Petitioner files its income tax returns on the basis of a fiscal year ending September 30. It filed its income tax returns for each of the years here involved with the district director of internal revenue, Buffalo, N.Y.

Since incorporation, petitioner has been engaged in the business of renting automobiles and, throughout the years involved, petitioner carried on said business under a license or franchise from Hertz-Rent-A-Car-System.

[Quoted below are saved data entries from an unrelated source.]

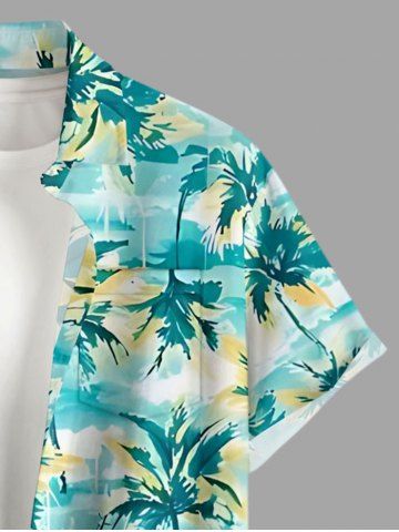 Plus Size Oil Painting Coconut Tree Print Buttons Pocket Hawaii Shirt For Men - Green - M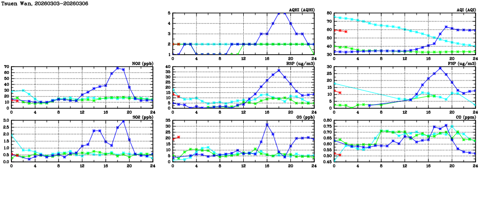 | Air Quality Data Time Series in Tsuen Wan (2026/03/06) | ( Line colors: Day -3 Day -2 Day -1 Current day ) | 2D Map Current AQHI |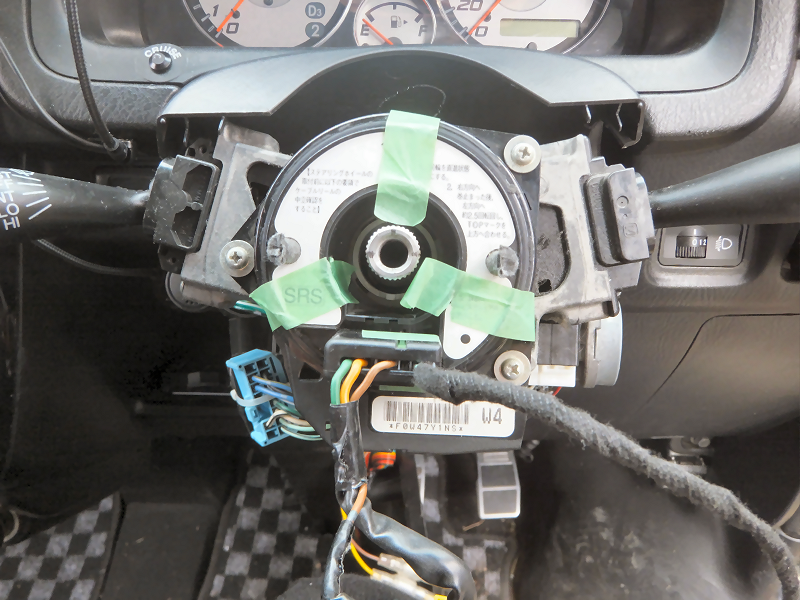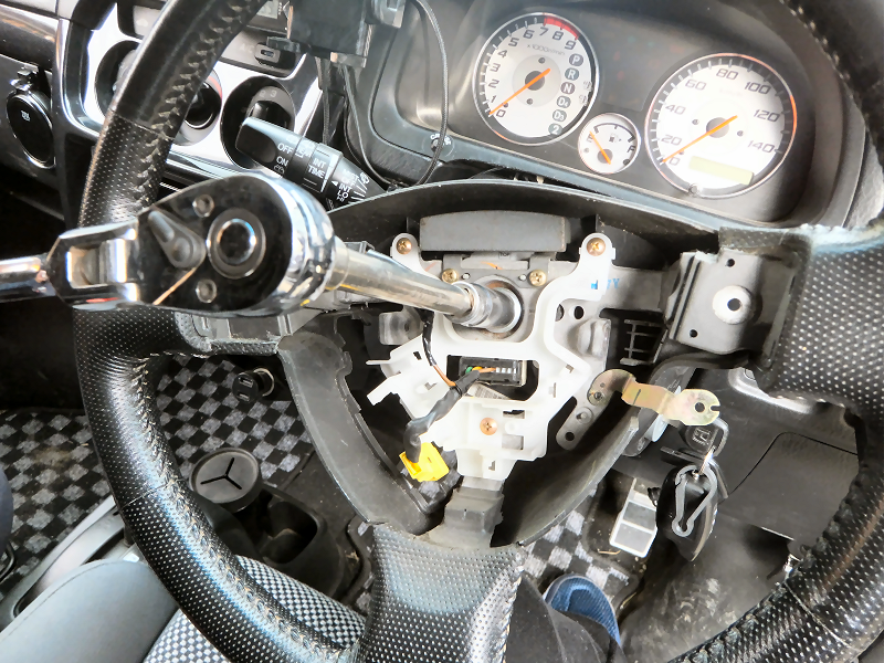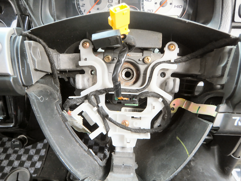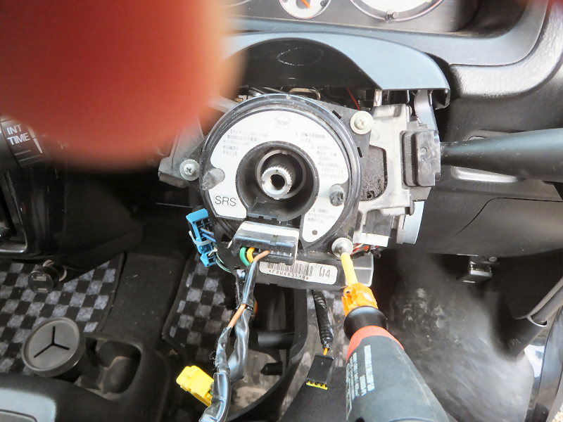 ケーブルリールを外します。 ケーブルリールはそのままでも良かったのですが、購入したケーブルリールにステアリングスイッチの配線をつないでしまったので、そちらに交換します。 |

Petitioner rents its automobiles on the basis of time and mileage. The rental rate is a standard one which does not depend upon the age of the car or the extent to which it has been previously used.

Automobiles used by petitioner in its business during the years here involved had useful lives of 2 years and said vehicles had salvage values equal to 50 percent of their cost to petitioner.

People renting cars have a decided preference for new cars. If a customer of petitioner is unable to rent a new car initially, he is likely to return the older car and exchange it for a newer model as soon as one is available, or return the car to petitioner and rent one from a competitor.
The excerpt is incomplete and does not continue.